# Anti-inflamitory foods/meals,info



## TNHermit (Jul 14, 2005)

Hope I get some response here . I notice that several people have mentioned anti-inflammatory foods. i've been interested in this for a while. I thought maybe I could pick your brains as to what foods and meals you use. I have a hard time not having bread or grain. They have always been called the staff of life.


----------



## Use Less (Nov 8, 2007)

Avoiding wheat makes a difference if you have gluten intolerance. I have some inflammatory problems, but gluten allergy was ruled out. If you don't feel substantially better after avoiding gluten for a few weeks, that suggests gluten isn't your problem. A doctor can probably confirm this with some kind of allergy tests. Those who are gluten-intolerant can eat other kinds of grains. What sorts of inflammatory disease symptoms do you have? That could point you towards what you might avoid and what you might add to your diet to feel better. Sue


----------



## TNHermit (Jul 14, 2005)

Don't really have any symptoms of any disease. They say its a good way to go for arthritis and the like which is setting in a little at times. I like the concept of the fact that keeping your body in a alkaline state helps prevent disease. I kinda want to hang around a few more decades and still fill chiipper


----------



## Kee Wan (Sep 20, 2005)

Look into a "Nightshade-free" diet. There is some rather good evidence that it is successful at treating some kinds of inflammatory illnesses.


----------



## Ann Mary (Nov 29, 2004)

Check out tumeric & ginger caps...both used for anti-infl.....and nettle tea is used in allergy and arithritus situations....and for lots of other things as well. SOme people take and open one ginger cap and one tumeric cap,...fill each one with half of the other, recap and take daily. They work well together. I just take one of each.


----------



## annabella1 (Feb 11, 2003)

The nightshades are potatoes, tomatoes, peppers hot and sweet (not black pepper), and eggplants.
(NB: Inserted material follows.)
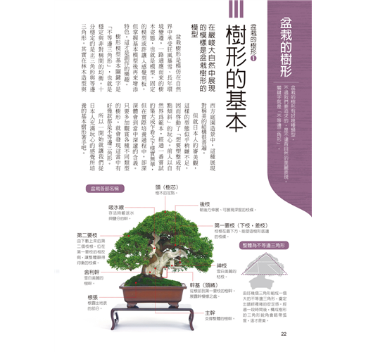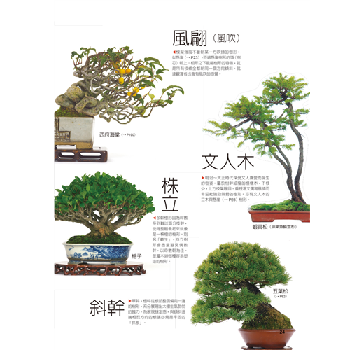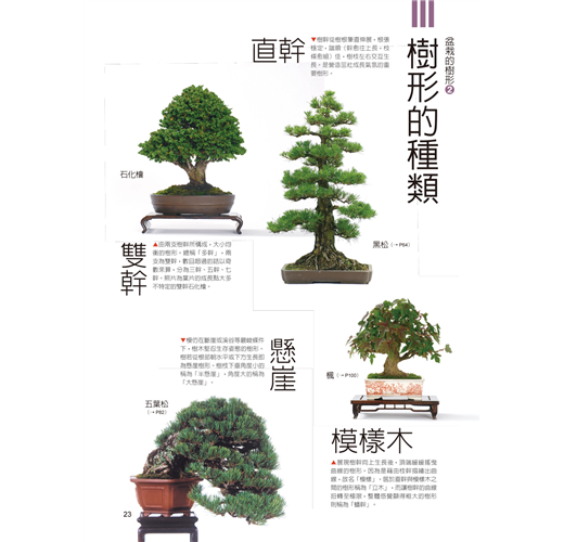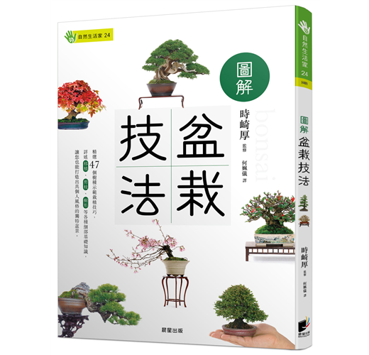 書中也精選47個樹種示範栽植技巧,詳述移植、剪枝、樹形等各種細部基礎知識,試著動手做,您也能打造出具個人風格的獨特盆景喔!

Avoid them they cause inflammation. It has helped me a lot.


----------



## blue gecko (Jun 14, 2006)

Foods that are dark red, purple and blue contain high amounts of anthocyanins which are highly anti-inflammatory. These are the qualities of the fruits used in those "miracle" anti-inflammatory drinks they charge you and arm and a leg for. I'm not saying they don't work, they are just very expensive. So incorporating foods like red/purple grapes/raisons, plums/prunes, blueberries, cherries, beets, tomatoes, strawberries, etc can be helpful. If you need something stronger you can get the powder form of some of the tropical fruits used in those drinks i.e. Noni, Assai, etc.
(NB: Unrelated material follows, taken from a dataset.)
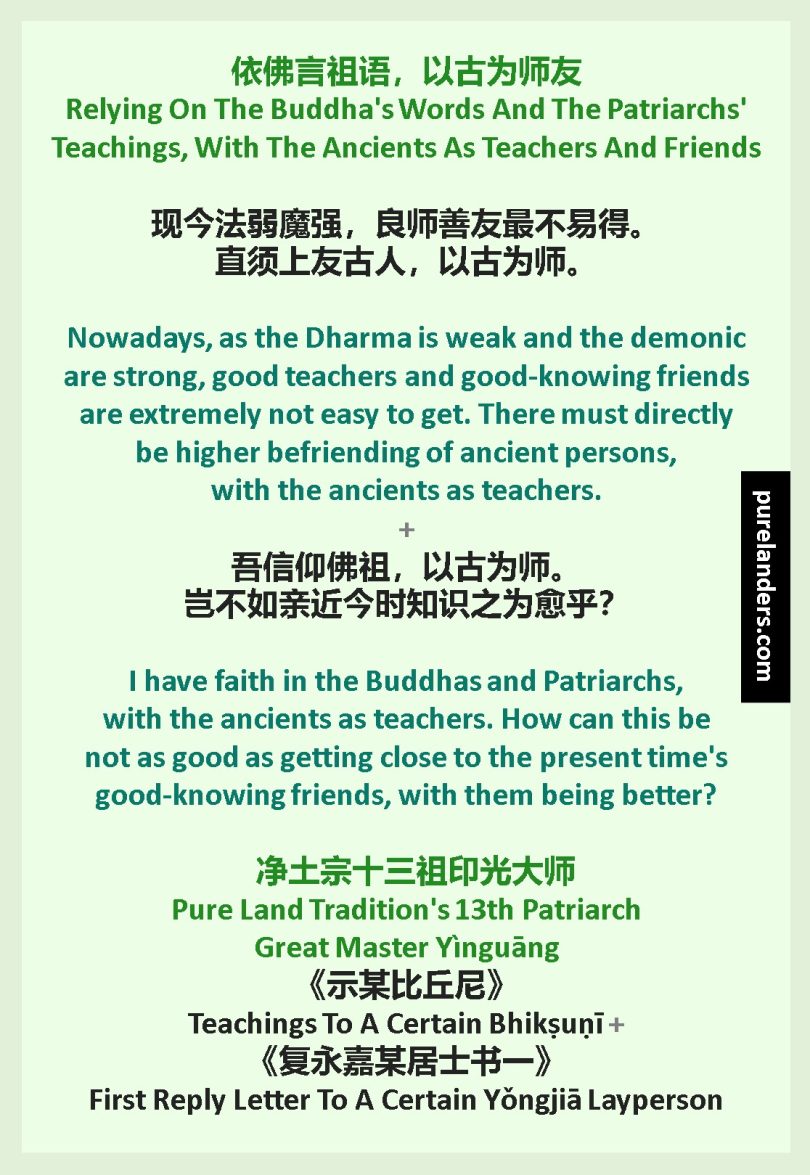 Relying On The Buddha’s Words And The Patriarchs’ Teachings, With The Ancients As Teachers And Friends

Some foods can actually cause inflammation due to their high concentrations of arachadonic acid. Arachadonic acid is converted to inflammatory prostoglandins. Foods with high concentrations include organ meats, eggs, beef, pork (red meats). This is not to say you shouldn't eat them, you might however consider eating less of them and making sure you balance your diet with foods that are anti-inflammatory.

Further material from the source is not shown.